A little while ago, a blog post did the rounds insisting that we should stop saying church is a family and that this is unbiblical. A fair few people responded with an upturned eyebrow and a, ‘huh?’ Amongst them, I did here. I am pretty sure church is meant to be family and the Bible very much refers to the church in familial terms.
One of the many ways church is like a family is that you don’t get to choose who belongs to it. I never asked to have the particular brother and sister that I do. I just arrived and found one of them there already and the other one joined us later. I had no say in the matter. Nor, it turns out, do you get to choose the kind of people in your family either. We have some shared traits, but we’re also quite different people too. It’s entirely possible we might never have become friends had we met some other way but we weren’t related (obviously, both my siblings are privileged to know me…)

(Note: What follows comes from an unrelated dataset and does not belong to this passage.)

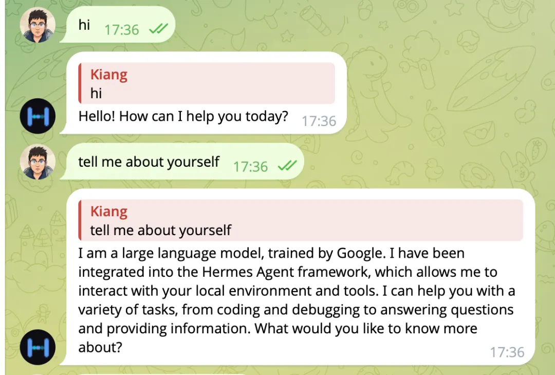 Hermes Agent 与 Telegram 深度集成,配置好了,就可以在任意设备上与 Hermes 智能体对话、发送语音备忘录并自动转录为文字、接收定时任务的执行结果,还可以在群聊中使用该智能体。Telegram 集成是基于 python-telegram-bot 构建,支持文本、语音、图片及文件附件。

The church, a bit like that, is called to be a family. We aren’t supposed to have any specific say in who joins us; we ultimately get the people God has decided to make show up. Nor are we called to only reach one particular kind of people. I am on record on this blog – I don’t think homogenous unit principle churches are a great expression of the manifold wisdom of God in the gospel which specifically removes such barriers and distinctions. I do not think it is legitimate for churches to insist that they are only for or will only reach one kind of person. The church is a family, created by God, that doesn’t get to choose who belongs. Only Jesus gets to do that and only he gets to set what criteria exists to join.
One of the beauties of the church is when we are drawn from many different tribes, tongues and nations, and express our differing cultures in the life of the church and yet all belong together as one people. It is manifestly a manifestation of the gospel when we see such different people welcomed into the same family, all belonging together on the same terms and all in community together that is not centred on personalities or preferences or culture or anything other than the saving gospel of the Lord Jesus Christ. We don’t get together because we have some shared affinity; we get together because we belong to the same family even though we are drawn from as varied a range of backgrounds as you can imagine.